Muito tem se falado sobre a nova forma de se fazer televisão, especialmente com a entrada da Netflix. Se antes a TV a cabo era refúgio para quem buscava séries mais transgressoras, atualmente serviços streaming produzem conteúdo melhor ou tão bom quanto uma HBO, por exemplo. Além de inaugurarem um novo jeito de consumir televisão, esses serviços deram uma liberdade maior aos criadores, que não precisam, necessariamente, inventar histórias mirabolantes para prender a audiência, já que não dependem de anunciantes. Portanto, Master of None, nova comédia produzida pela Netflix, é uma série que, provavelmente, não teria vida longa na televisão comum, simplesmente porque quebra com tudo o que se espera de um seriado cômico tradicional.
Criada pelo comediante Aziz Ansari (Parks and Recreation) e pelo roteirista Alan Yang (também de Parks), Master of None mostra a rotina de Dev, filho de imigrantes indianos. No alto de seus 30 anos, Dev vive em Nova York e tenta a vida como ator, aparecendo em diversos comerciais de qualidade duvidosa. Sem uma trama central, a série vai discutindo temas delicados de forma inteligente, construindo personagens interessantes, que acabam conquistando o público aos poucos.
Master of None lembra bem a proposta de Seinfeld, a série sobre o nada. Assim, é uma comédia de observação, quase com episódios-crônicas. Vemos tudo pelo ponto de vista de Dev e dos seus amigos, que trocam experiências e vão discutindo problemas da vida moderna, como relacionamento com os pais, com homens, mulheres, racismo, feminismo e misoginia. Mas se em Seinfeld a estrutura seguia os padrões de uma comédia tradicional, Master tem liberdade para contar sua história da forma como bem entender. Assim, temos episódios inspiradíssimos, como aquele que escancara a forma com a qual os americanos mostram uma versão estereotipada de indianos na televisão (ou qualquer etnia diferente da predominante) ou um lindo episódio onde a série mostra a relação de Dev com sua namorada no período de um ano, discutindo de forma bem realista o sabor agridoce de um relacionamento sério.
Master é uma série sobre a vida, sem nenhum romantismo, transformando reclamações universais em uma reflexão bem mais madura.
E é interessante perceber que Master of None não é uma série na qual a audiência morre de rir.

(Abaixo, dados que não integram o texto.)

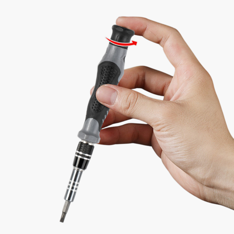 Screwdriver set includes multiple precision bits, ergonomic handle, durable materials, and magnetic tips for efficient repairs and assembly.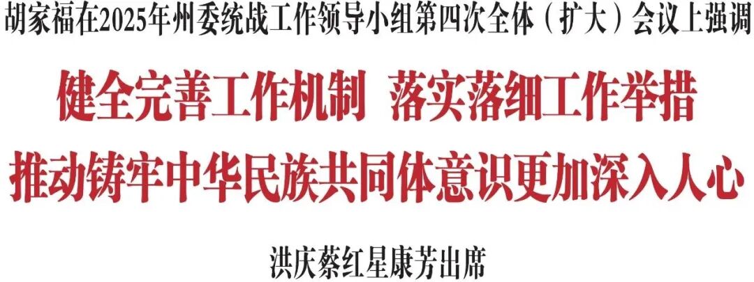 11月25日,省委常委、州委书记、州委统战工作领导小组组长胡家福主持召开2025年州委统战工作领导小组第四次全体(扩大)会议。他强调,要深入贯彻习近平总书记关于加强和改进民族工作的重要思想、关于铸牢中华民族共同体意识的重要论述,准确把握新时代党的民族工作新的阶段性特征,健全完善工作机制,落实落细工作举措,推动铸牢中华民族共同体意识更加深入人心。州委副书记、州长洪庆,州人大常委会主任蔡红星,州政协主席康芳出席会议。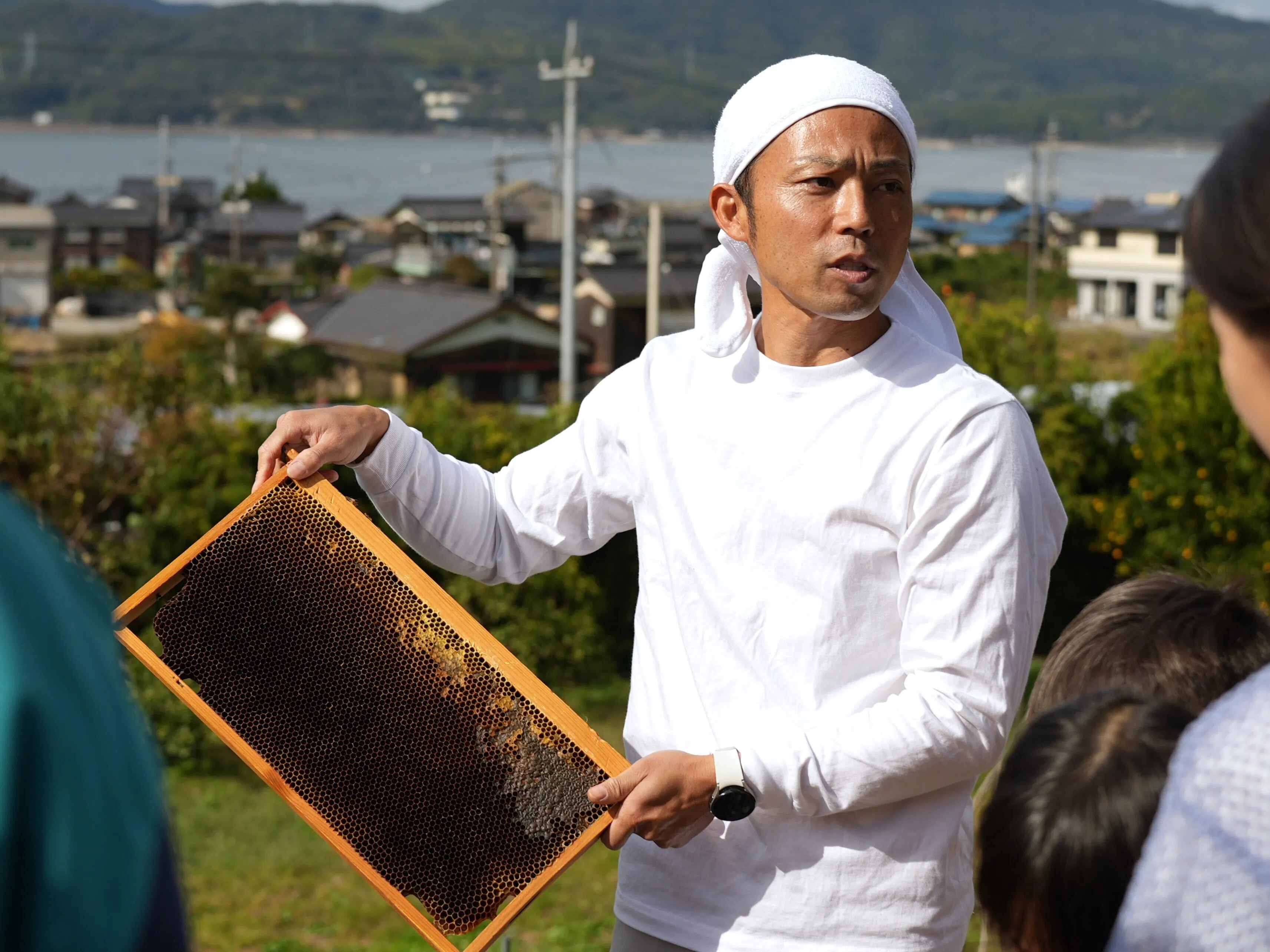 ラボでは、採れたてのハチミツをその場でスイーツにかけて味わう体験プログラムを計画しています。2024年から試験的に開始した採取体験には、既に関東、関西、九州、そして北海道と、全国各地から多くの方が訪れています。この「ミツバチ共生ラボ」を拠点に、さらに多彩なプログラムを展開し、周防大島の豊かな自然とミツバチの営みを全身で感じていただきたいと考えています。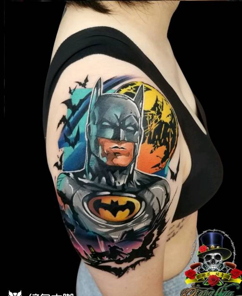 蝙蝠侠纹身图片_手臂水彩欧美写实纹身图案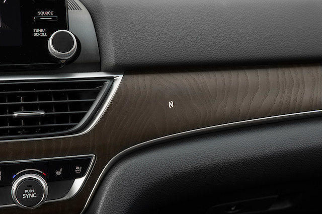 十代雅阁是第一台带有NFC功能的汽车,这意味着你上车的时候,不用先花五分钟对着手机设置蓝牙,只需要轻轻碰一碰,就可以连接手机各项功能。

Ao invés disso, temos, aqui, um produto de reflexão, sem que isso se torne chato ou cansativo. A abordagem dos temas é universal, moderna, os personagens são simpáticos e os diálogos são inteligentes, mas jamais pretensiosos. Ainda que Aziz soe praticamente igual seu personagem em Parks and Recreation, o comediante parece ter encontrado o tom certo. O ator brinca o tempo todo com a estrutura clássica americana de se fazer piada e se recusa a usar a tão famosa punchline, a parte final de uma piada em que a intenção é gerar gargalhada no público. Master é uma série sobre a vida, sem nenhum romantismo, transformando reclamações universais em uma reflexão bem mais madura.
E ainda que jamais soe panfletária, a crítica ao racismo norte-americano está presente durante todos os dez episódios da primeira temporada. Aziz consegue ampliar a questão de forma inteligente, já que a série não transforma diálogos em discursos expositivos sobre o que é ser minoria, mas vai mostrando ao público naturalmente sua visão de mundo – e aqui temos uma brilhante referência a Friends, que volta e meia é acusada de ter sido um seriado racista. A série ainda tem tempo para falar sobre a diferença salarial entre homens e mulheres, a escolha de ter ou não filhos, a luta dos pais para garantir um futuro para os filhos, a experiência de morar sozinho e por aí vai.
Com cada episódio tendo um tema específico, a série começa com assuntos mais leves para depois se aprofundar em questões mais reflexivas. O que começa parecendo um Louie mais feliz, acaba se transformando em um interessante exame do que é fazer ou estar perto dos 30 anos e as questões da vida moderna. A série, então, vai na direção contrária às comédias românticas, mesmo quando é romântica. Já madura, Master of None coloca em evidência as neuroses da geração atual, seus desejos e dúvidas, sendo uma das produções mais bem articuladas da Netflix e uma das grandes surpresas do ano.